Take a course on how to conduct legal research. You need to be an expert or particularly adept at researching in order to start a successful legal research firm.

Step 2.

Draft your business plan. It must detail every key element of your business. Explain what your legal research business will offer, how it will differ from your competition, and how you will finance and staff it. Explain your costs and overhead, and lay out your projected costs and income for the first five years. Develop a marketing plan.

Step 3.

Fund the business. Apply for loans or use your own personal savings to start the business.

Step 4.

File any state-required forms to legally form your business. If you plan on starting a corporation, you need to file the articles of incorporation with your state's Department of Labor. Limited liability companies require you to file an operating agreement. Check with your state's Department of Labor for required forms and fees you must file.

Step 5.

Find a location. If your legal research business is going to primarily use Internet research (from such services as WestLaw or Lexis), you just need enough space for computer terminals and printers.
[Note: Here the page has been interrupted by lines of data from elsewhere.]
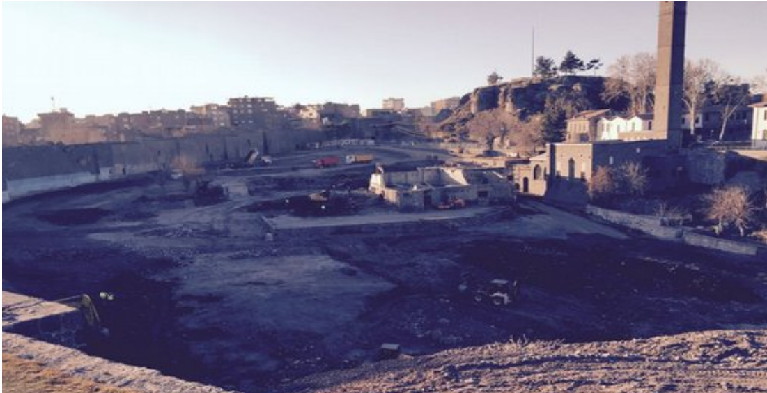
Photo 27: View at the registered building next to the Ickale Mosque, Inner Castle. After deregistration it has been demolished

well as was highlighted in the Site Management Plan. What we observe nowadays is that in the area of the second stage of the project all buildings of low quality have been removed and a registered building has been de-registered and then immediately demolished. The cleared space has been designed as a modern park. Meanwhile with heavy equipment excavations have been conducted and many trees with extensive roots have been planted. All of these interventions have the high probability of damaging the archaeological structures under the earth.
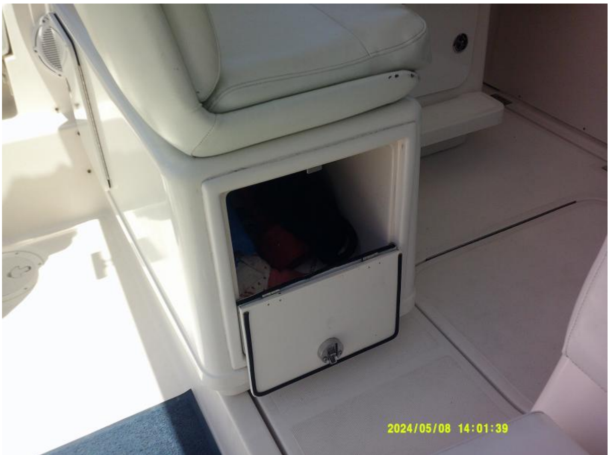
Tiara 3100 Open Cockpit Area Storage
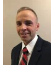
State Warden & Program Director
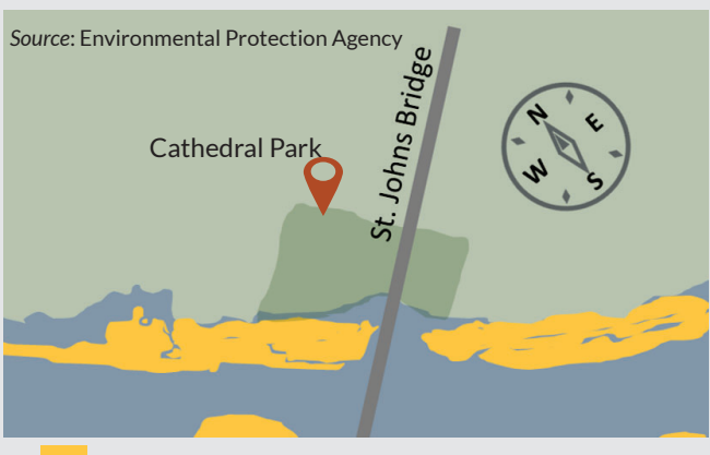
Active Cleanup Areas (approximate)

The EPA has developed a Portland Harbor Superfund Site Storymap about this site and the larger Superfund site. You can view it here to learn more and stay updated about the site: <u>https://bit.ly/3Hng7Bj</u>
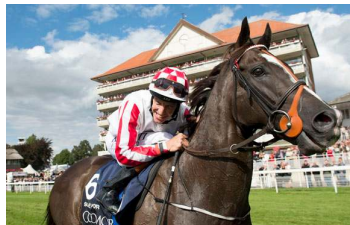
Sole Power Racing Post
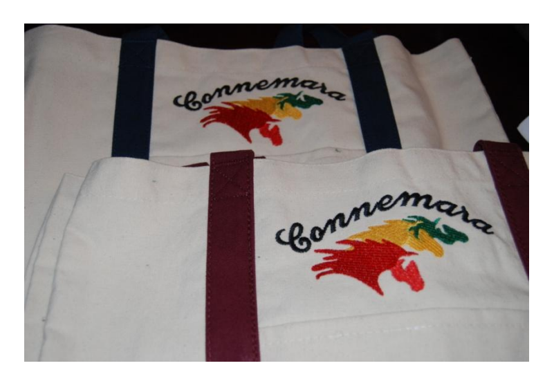
Canvas carry-alls with Region IV logo
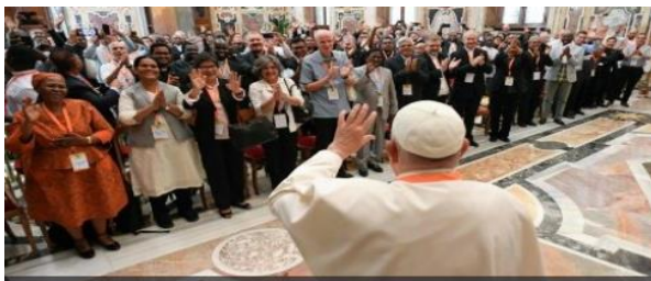
Pope meeting with the Missionaries of the Divine Word
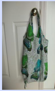
Large Eco Bag $7.00
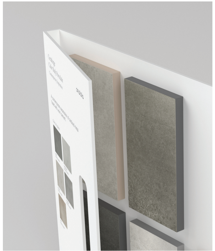
A&D Board Inside
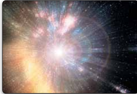
The Bible reveals that the divine Being who later became Jesus Christ was the One who “created all things” and interacted with human beings as the God of the Old Testament.

As is common in most English translations throughout the Old Testament, the word “LORD” here with capital letters is substituted for the Hebrew consonants Y-H-W-H (commonly known as the Tetragrammaton, meaning “four letters”). No one today knows for certain how to pronounce this

If you plan to amass a library of legal references and research texts, consider a larger space.

Step 6.

Market your legal research business. Visit law firms and offices in your area and introduce yourself. Consider using business cards, postcards and print advertisements to get your name out there.

Step 7.

Staff the business. Your hiring process must focus on individuals who understand legal research. Consider hiring new attorneys, paralegals and other experienced researchers.